I was surprised to see Tuesday that Frederick County MD. wasn't issued an weather advisory, but most of Md was. I went to bed around midnight, & it had been snowing a couple of hrs. with a mere coating. Radar showed whole storm going mostly south into the Virgina's. Woke up {luckily} around 3am & it was coming down hard, with 3+'' on the ground. I checked radar, & this little micro burst was hammering Frederick. The snow was so dry & fluffy that I'm sure at 5-6" snow. I am in no way complaining....


----------



## mike33 (Feb 15, 2006)

*Buying wiz top & hat (g)/(t)*

Your lucky Cumberland had 1.5" , LaVale 2-3, and Frostburg 3"
Mike


----------



## mickman (Jan 24, 2001)

Hey Mike,
It's looking good for a big storm next Tues. & Weds. The way they're talking, we might be measuring by the foot.Check out capitalweather.com

They're saying the next couple of weeks looks like below temps. & above precip.


----------



## mike33 (Feb 15, 2006)

*Bobcatservice*

That would be nice for next week. I was looking at you company name.
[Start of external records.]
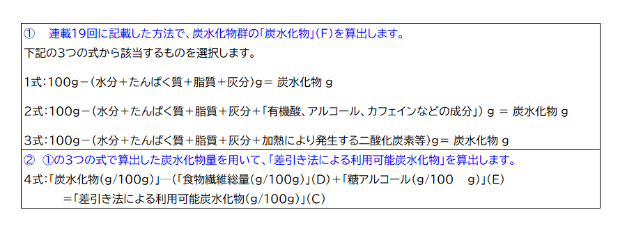 表4に手順を記載しました。計算の手順からも、「差引き法による利用可能炭水化物」(C)が、「炭水化物」(F)に含まれることがわかります。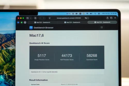 AIベンチマークでもGPUスコアが大きく伸びており、このチップがどの用途を見据えているのかは明らかだ。動画編集の高速化というよりも、「AI処理をローカルで完結させる」ことに重点が置かれている。もっと言うと、M5 Maxは「重い作業を速くするチップ」ではなく、「これまでできなかった作業を可能にするチップ」へと進化しているとも捉えることができるだろう。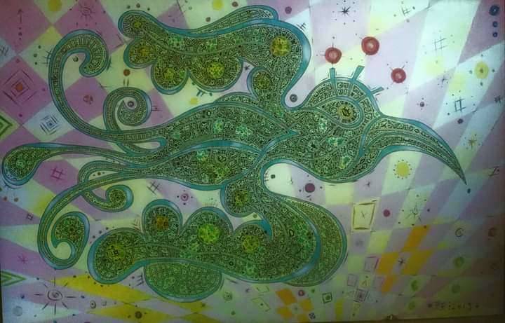 Ten obraz to istna eksplozja kolorów i kształtów, która przyciąga wzrok i nie pozwala się oderwać. W centrum kompozycji widzimy fantazyjny kształt przypominający ptaka, pełen zawirowań i detali. Zastosowane kolory – zielenie, żółcie, różne odcienie niebieskiego – przenikają się tworząc wrażenie ruchu. Kompozycja jest symetryczna, ale jednocześnie dynamiczna, jakbyśmy patrzyli na coś z baśniowej krainy. Atmosfera obrazu jest magiczna i trochę tajemnicza. Kolorowe tło zdaje się pulsować, rozświetlając przestrzeń wokół. Czuję, jakby ten ptak miał zaraz wznieść się w powietrze. Styl? Taki surrealistyczny, pełen szczegółów. Technika użyta przez artystę przypomina mikroskopijną inkrustację, każda linia jest precyzyjnie wykonana. Obraz może budzić różne emocje – od zachwytu nad pięknem detali po rozważania, co artysta chciał przez to powiedzieć. Może to po prostu przypominać dziecięce opowieści, gdzie rzeczy stają się żywe. Wow, a to ptak! Małe dzieci patrząc na to mogłyby powiedzieć coś w stylu: "Patrz mamo, to ptasior!". I choć tempo naszego codziennego życia bywa szybkie, to patrząc na ten obraz, można na chwilę zwolnić. W tym artystycznym "worldzie" czujemy się jak w kalejdoskopie marzeń. Ten obraz to podróż, do której bilet to tylko wyobraźnia.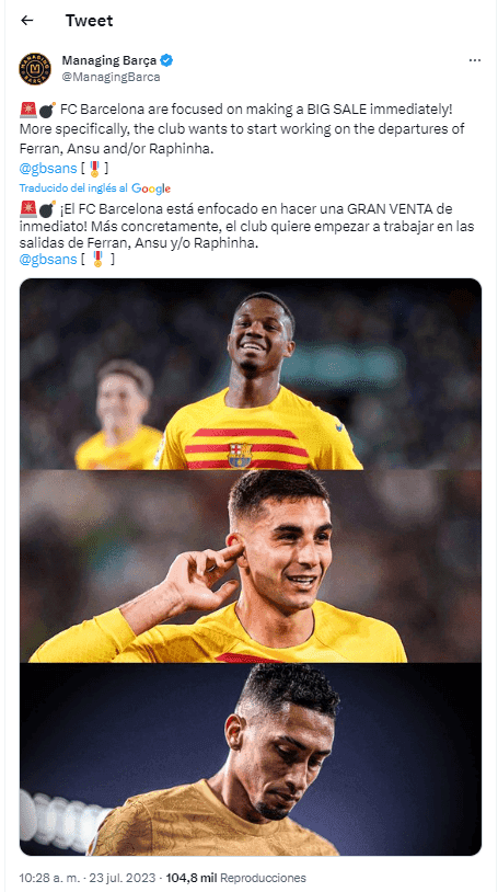 No es solamente Raphinha el jugador que quiere vender FC Barcelona del actual mercado de pases de verano para conseguir dinero fresco. Los españoles Ansu Fati y Ferrán Torres se suman al brasilero, cerrando as,í los tres futbolistas que podrían conformar un paquete que deje varios millones en el club.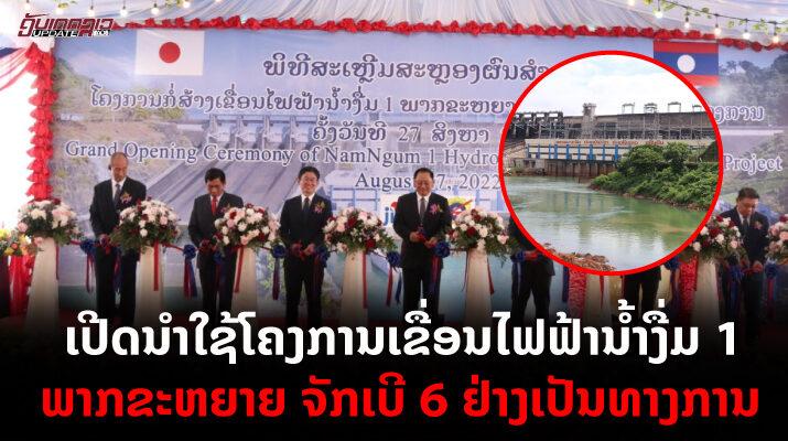 ລັດວິສາຫະກິດໄຟຟ້າລາວ (ຟຟລ) ໄດ້ຈັດພິທີເປີດນໍາໃຊ້ໂຄງການເຂື່ອນໄຟຟ້ານ້ຳງື່ມ 1 ພາກຂະຫຍາຍ ຈັກເປີ 6 ຢ່າງເປັນທາງການ ໃນວັນທີ 27 ສິງຫາ ຜ່ານມານີ້ ທີ່ເຂື່ອນໄຟຟ້ານ້ຳງື່ມ 1, ເມືອງ ແກ້ວອຸດົມ, ແຂວງ ວຽງຈັນ ໂດຍມີ ທ່ານ ສອນໄຊ ສີພັນດອນ ຮອງນາຍົກລັດຖະມົນຕີ, ທ່ານ ດາວວົງ ພອນແກ້ວ ລັດຖະມົນຕີກະຊວງພະລັງງານ ແລະ ບໍ່ແຮ່, ທ່ານ Kenichi Kobayashi ເອກອັກຄະຣາຊະທູດ ຍີ່ປຸ່ນ ປະຈຳ ສປປ ລາວ, ມີພາກສ່ວນກ່ຽວຂ້ອງເຂົ້າຮ່ວມ.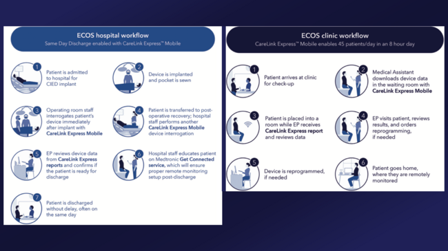Streamlined discharge: The peri-operative workflow is designed with the goal of mitigating delays to patient discharge, often leading to discharge on the same day as the implant when clinically appropriate. Streamlined discharge is enabled through use of a tablet-based device interrogator, the CareLink Express Mobile (CLEM) system (Medtronic), which is used by operating room staff to interrogate the device after the pocket is sewn and transmit initial device readings to the CareLink network. Following transfer of the patient to post-operative recovery, hospital staff conduct another CLEM-enabled interrogation and subsequent CareLink data transfer. The implanting physician is then able to review the device data in the CareLink network and confirm that the patient is ready for discharge—either on the day of implant or the following morning—without having to wait for a programmer evaluation.

I belong to an organazation called Royal Order Of Jesters.
Mike


----------



## mickman (Jan 24, 2001)

Well, it was a no-brainer being my name is Mike "JESTER". I drew a jester chasing after his mower....& the rest is history.


----------



## columbiaplower (Feb 16, 2000)

in howard county we got about 2 inches. not a bad storm to deal with, this week looks good for us

-Nick


----------



## itsgottobegreen (Mar 31, 2004)

We got to put in a couple of hours plowing in columbia. Then dropped some salt. Not really worth the time but its better than nothing.


----------